President Joe Biden has claimed there was “an absolute wall” between his family’s foreign business affairs and his job as Vice President of the United States. Biden “never discussed” business and was “never in business” with his son, Biden and White House officials have vehemently claimed. However, the National Archives and Records Administration (NARA) has acknowledged possessing up to 5,400 emails that prove otherwise.
Those 5,400 emails are “connected to then-Vice President Joe Biden’s pseudonym accounts that he used to forward government information and discuss business with his son, Hunter Biden, and others” reports Just The News.
The emails show, “at a bare minimum, that Vice President Biden’s team looped Hunter Biden into his official schedule, and they point to two emails sent on May 26, 2016, and June 14, 2016” , reports Foreign Desk News.
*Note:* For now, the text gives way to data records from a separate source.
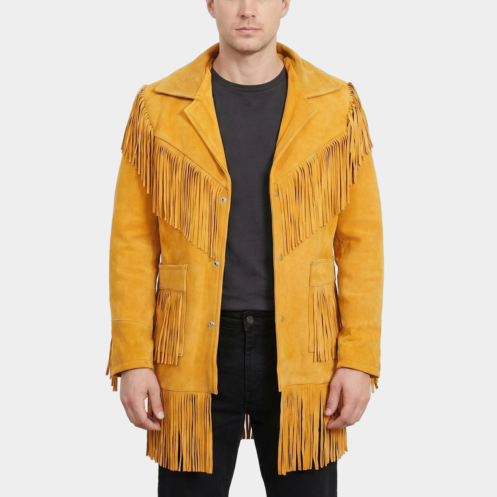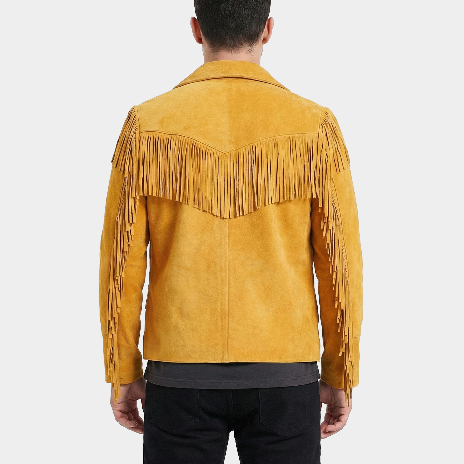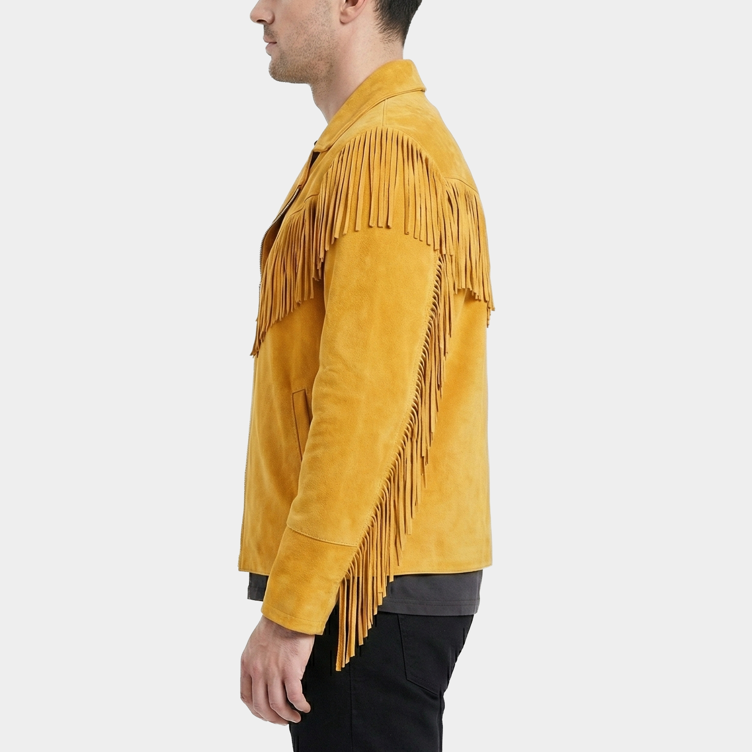 Design: Full fringe detailing across chest, back yoke, sleeves, and hem
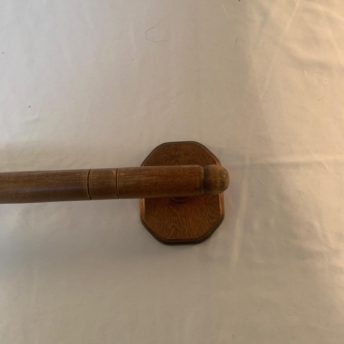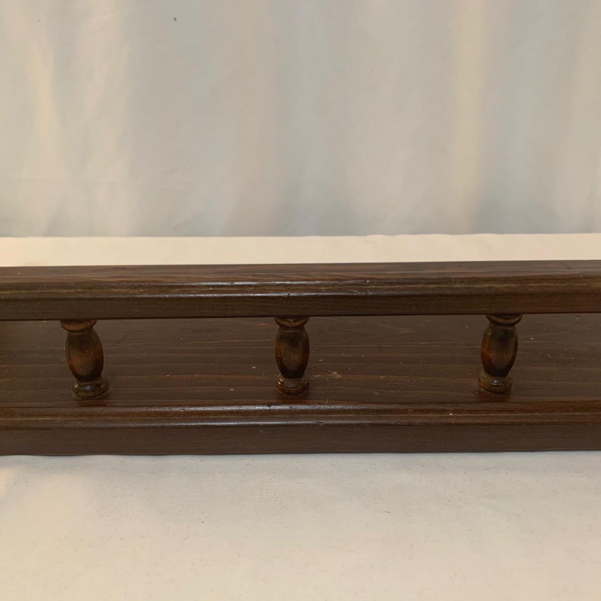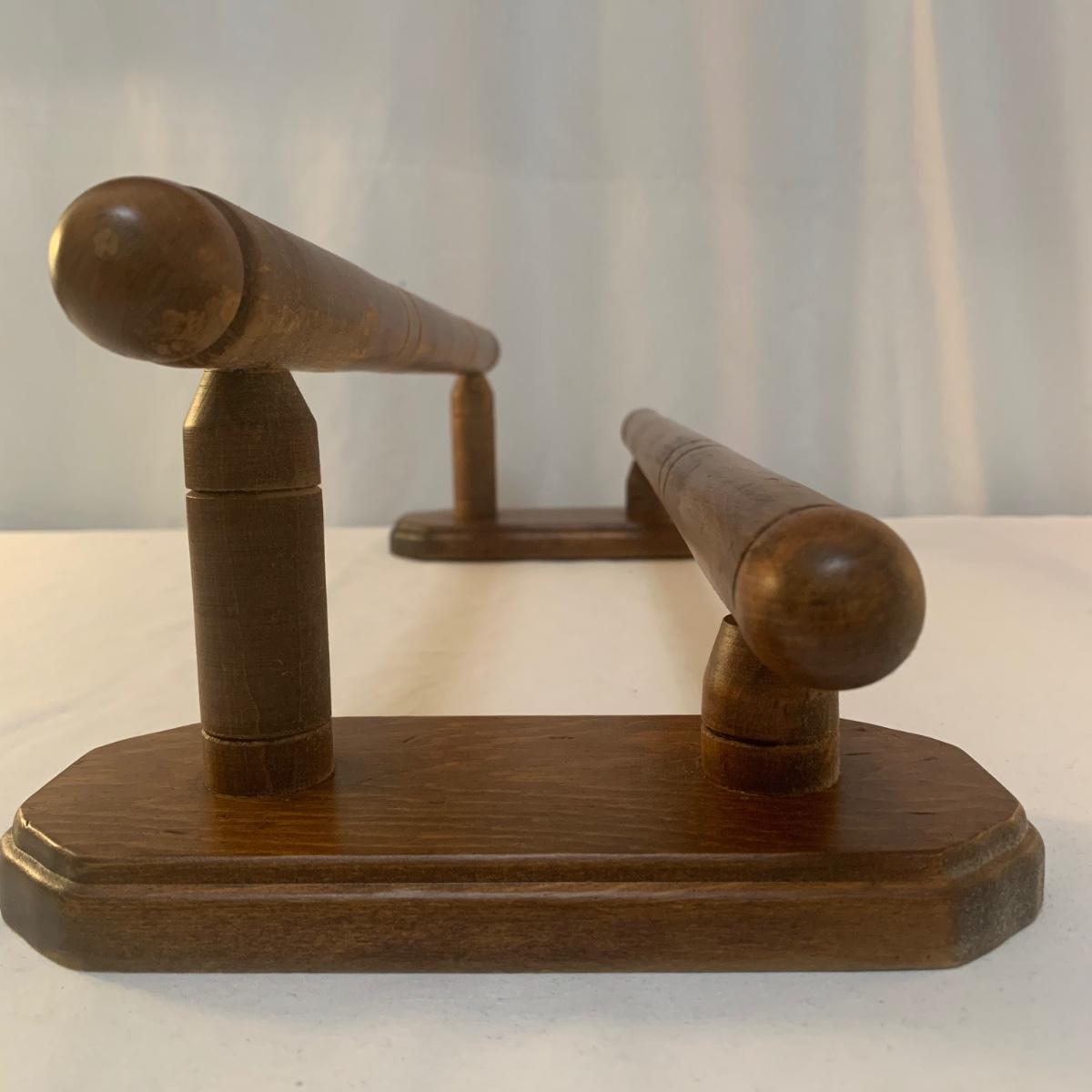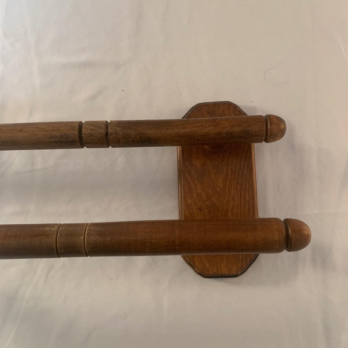 This assortment of handcrafted towel racks was made here in Asheville, NC by “Three Mountaineers”. Only one of the items has a brand sticker, so we cannot verify that all of these items are from Three Mountaineers. Lot includes three wood towel racks and small wood countertop organizer. Items show a little wear, but are overall in good condition. Please see photos for details. The largest rack measures 27”L. The base measures, 4.5”L x 3.5”W.
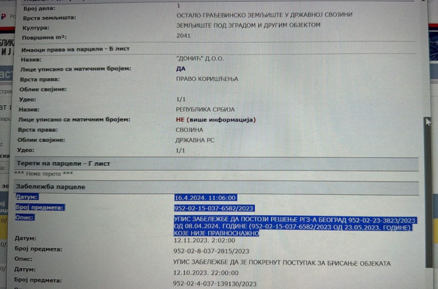 - Investitor firma "Donić" sad nema zemljište u svojini, ali ni objekte koje je kupio s firmom iz stečaja jer ih je porušio, a da nije obezbedio pravni osnov za gradnju. Tržni centar se sada, tačnije rečeno, zida na zemljištu države Srbije - kaže naš izvor.
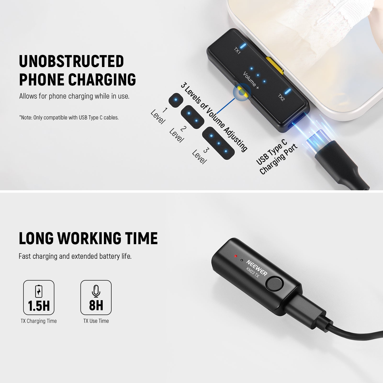 - Wireless Lav Mic for USB C- NEEWER Clip on Microphone Set comes with two transmitters(TX) and a receiver(RX). The receiver of the external microphone kit is compatible with the iPhone 16 15 Pro Max Plus iPad series compatible with Samsung Galaxy S24 S23 Ultra, Android phones, PCs, laptops and other equipment with a Type C interface, delivering professional video recording. The included two tiny magnet accessories can help the transmitter clips to be fixed
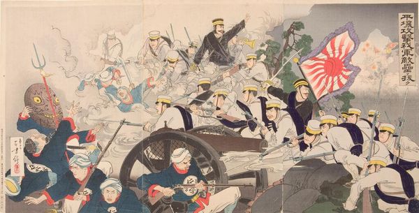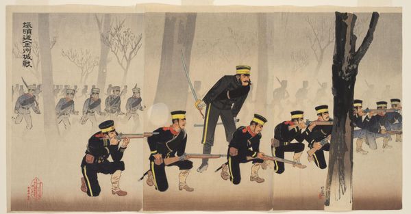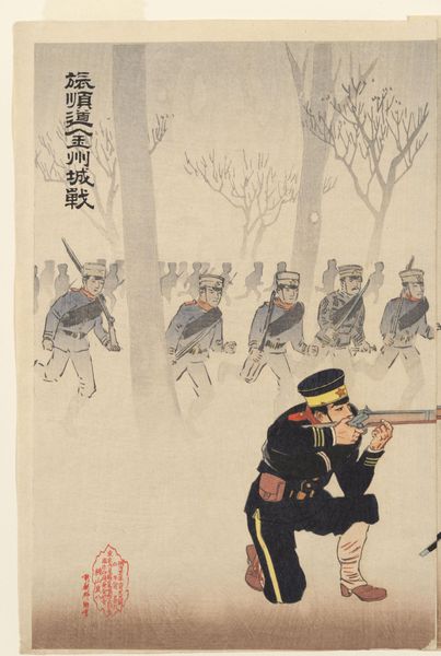 Curator: This is Kobayashi Kiyochika’s woodblock print, "Braving the Snow, Our Troops Capture the Stronghold at Weihaiwei." It's a vertical oban, about 14 by 9 inches, currently residing at the Harvard Art Museums. Editor: It's stark. The monochrome palette, punctuated by the red of what I presume is blood, creates a chilling atmosphere. There's a real sense of struggle depicted. Curator: Indeed. Kiyochika was a master of light and shadow in his prints, often using them to convey the mood of a scene. The falling snow, achieved through meticulous carving and printing, enhances the bleakness. Editor: Knowing that Kiyochika witnessed the transition of Japan into a modern, militaristic nation, I find this work speaks volumes about the complexities of national identity and the human cost of imperial ambitions. The vulnerability of the fallen soldier contrasts starkly with the regimented advance. Curator: Absolutely. The printmaking process itself—the labor involved in carving each block, the layering of colors—reflects the effort and resources invested in these military campaigns. It really underscores the industrial aspect of warfare. Editor: It is difficult to look at, but important to consider the intersectional narratives here, the complex layers of identity, nationhood, and the impact of conflict. Curator: Precisely, a potent reminder of the intertwined nature of production, conflict, and national identity. Editor: A truly sobering piece that leaves one contemplating the narratives we construct around war and sacrifice.

Last week, Representative James Comer, chairman of the House Oversight Committee, requested the National Archives and Records Administration turn over a tranche of emails from President Biden’s time as vice president. More specifically, Comer wants “all unredacted documents and communications” to and from the then-vice president and his son, Hunter Biden, and his son’s business associates.
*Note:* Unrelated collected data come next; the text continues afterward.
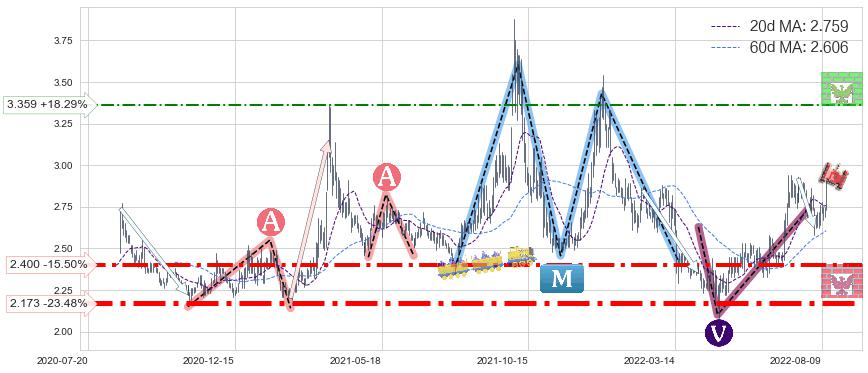 ♘ 阻力价格位3.359,可信任强度53.50%,距离最后交易2022-08-12形成的收盘价格2.840相差 +18.29%
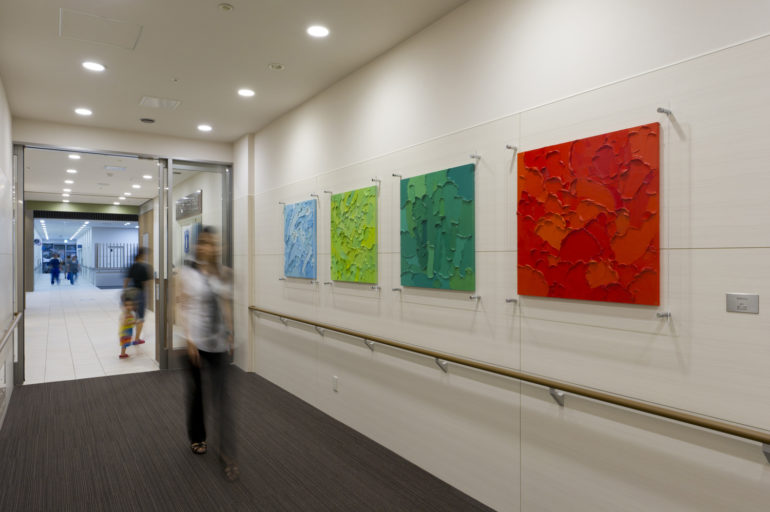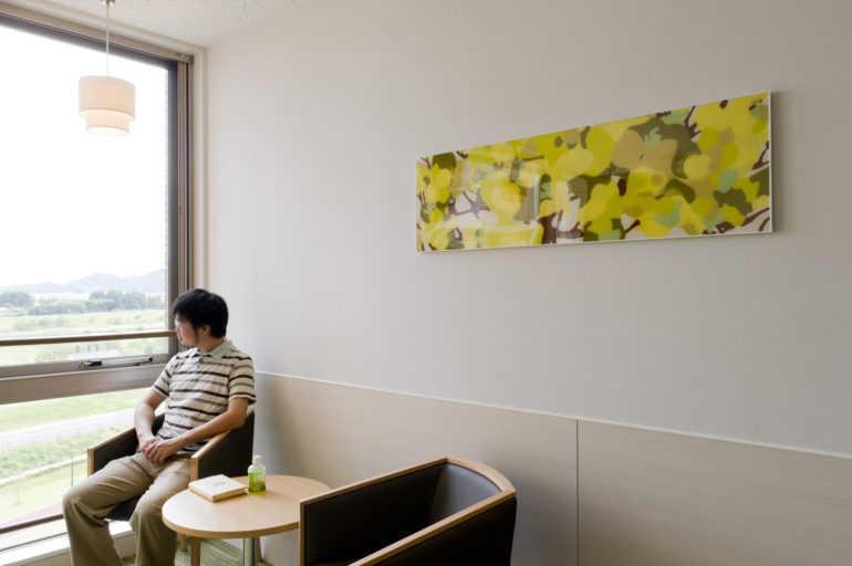 文化遺産や豊かな自然環境に恵まれ、独特の歴史と文化を築き、紡いできた町、足利。足利赤十字病院は地域の将来を担い、質の高い医療を提供し続ける中核病院となるべく、新病院建築の運びとなった。来院者をはじめ、勤務するスタッフなど利用者すべての方々にとっての快適性を重視したこの病院。人々への心配りと地域への深い愛情を表現する病院からのメッセージとして、ホスピタルアート全体に足利の町を取り巻く環境や歴史文化のエッセンスを取り入れ、公共スペースから個室内、またスタッフの勤務する医局内などを含む病院内各所にアートを散りばめ、地域の人々に希望を与える「みちしるべ」とした。
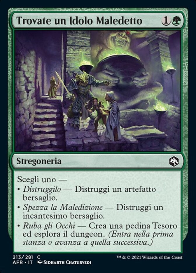 | Rules | Choose one — • Smash It — Destroy target artifact. • Lift the Curse — Destroy target enchantment. • Steal Its Eyes — Create a Treasure token and venture into the dungeon. (Enter the first room or advance to the next room.) |
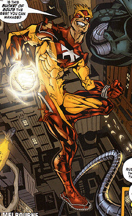 Powers/Abilities: Controls "stellar energy" enabling flight, enhanced speed, strength and healing, as well as energy blasts.
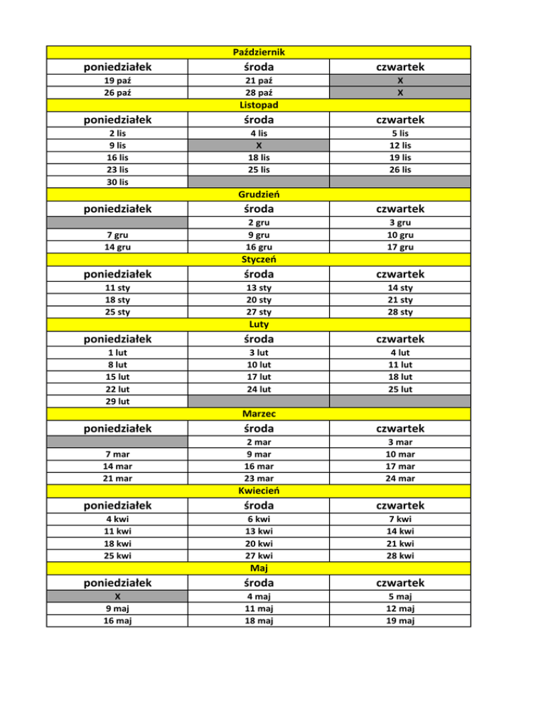 Październik poniedziałek środa czwartek 19 paź 26 paź 21 paź 28 paź X X Listopad poniedziałek środa czwartek 2 lis 9 lis 16 lis 23 lis 30 lis 4 lis X 18 lis 25 lis 5 lis 12 lis 19 lis 26 lis Grudzień poniedziałek środa czwartek 7 gru 14 gru 2 gru 9 gru 16 gru 3 gru 10 gru 17 gru Styczeń poniedziałek środa czwartek 11 sty 18 sty 25 sty 13 sty 20 sty 27 sty 14 sty 21 sty 28 sty Luty poniedziałek środa czwartek 1 lut 8 lut 15 lut 22 lut 29 lut 3 lut 10 lut 17 lut 24 lut 4 lut 11 lut 18 lut 25 lut Marzec poniedziałek środa czwartek 7 mar 14 mar 21 mar 2 mar 9 mar 16 mar 23 mar 3 mar 10 mar 17 mar 24 mar Kwiecień poniedziałek środa czwartek 4 kwi 11 kwi 18 kwi 25 kwi 6 kwi 13 kwi 20 kwi 27 kwi 7 kwi 14 kwi 21 kwi 28 kwi Maj poniedziałek środa czwartek X 9 maj 16 maj 4 maj 11 maj 18 maj 5 maj 12 maj 19 maj
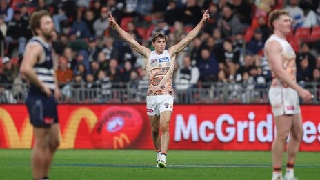 The 21-year-old put the GIANTS in command with four goals when the match was up for grabs in the third term, then booted two more majors after the last break to help steer his side to a 26-point victory over the Cats on Saturday.

On Monday, the Southeastern Legal Foundation filed a lawsuit to have the records turned over, saying the emails show Biden used the pseudonyms of Robin Ware, Robert L. Peters, and JRB Ware while he served in the Obama administration.
The archives’ admissions confirm years of reporting from Just the News about Biden’s use of a personal emailas vice president and the pseudonym accounts he used.
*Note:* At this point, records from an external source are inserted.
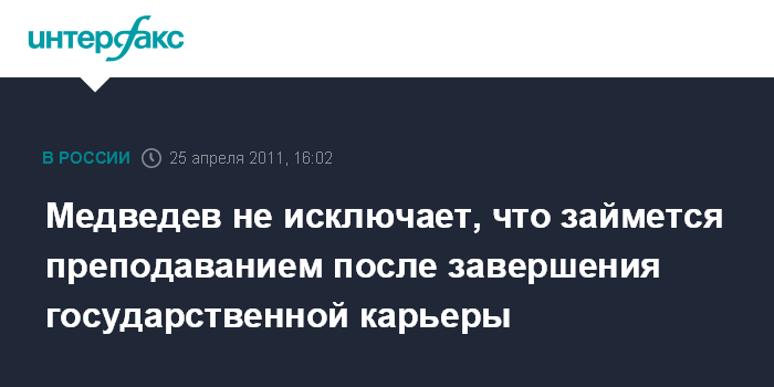 Москва. 25 апреля. INTERFAX.RU - Президент РФ Дмитрий Медведев не прочь быть преподавателем, в частности, в "Сколково" после завершения "государственной части карьеры".
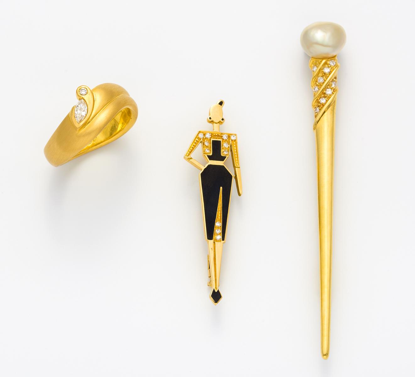 KONVOLUT: DIAMANT-RING UND ZWEI BROSCHEN.
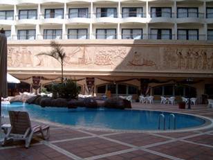 回到賓館還早,我就跑到院子裡的游泳池游泳,這個賓館還算高級,游泳池四邊都是躺椅,院子裡四周刻著仿古浮雕.太陽下山了,我們到賓館的四周走走,順便買晚餐,我們在開羅,旅行社是不供晚餐的.走進街道,是純粹埃及人的生活圈子,商店的人沒有一個會說外文的,要買東西只能比手畫腳,也煞是有趣.我們閒逛,總之無事,買了水果芒果烤雞可樂,然後回賓館,吃東西看電視.

Monday’s lawsuit turns up the pressure on the archives to release the documents.
“All too often, public officials abuse their power by using it for their personal or political benefit. When they do, many seek to hide it,” Southeastern Legal Foundation general counsel Kimberly Hermann said. “The only way to preserve governmental integrity is for NARA to release Biden’s nearly 5,400 emails to SLF and thus the public. The American public deserves to know what is in them.”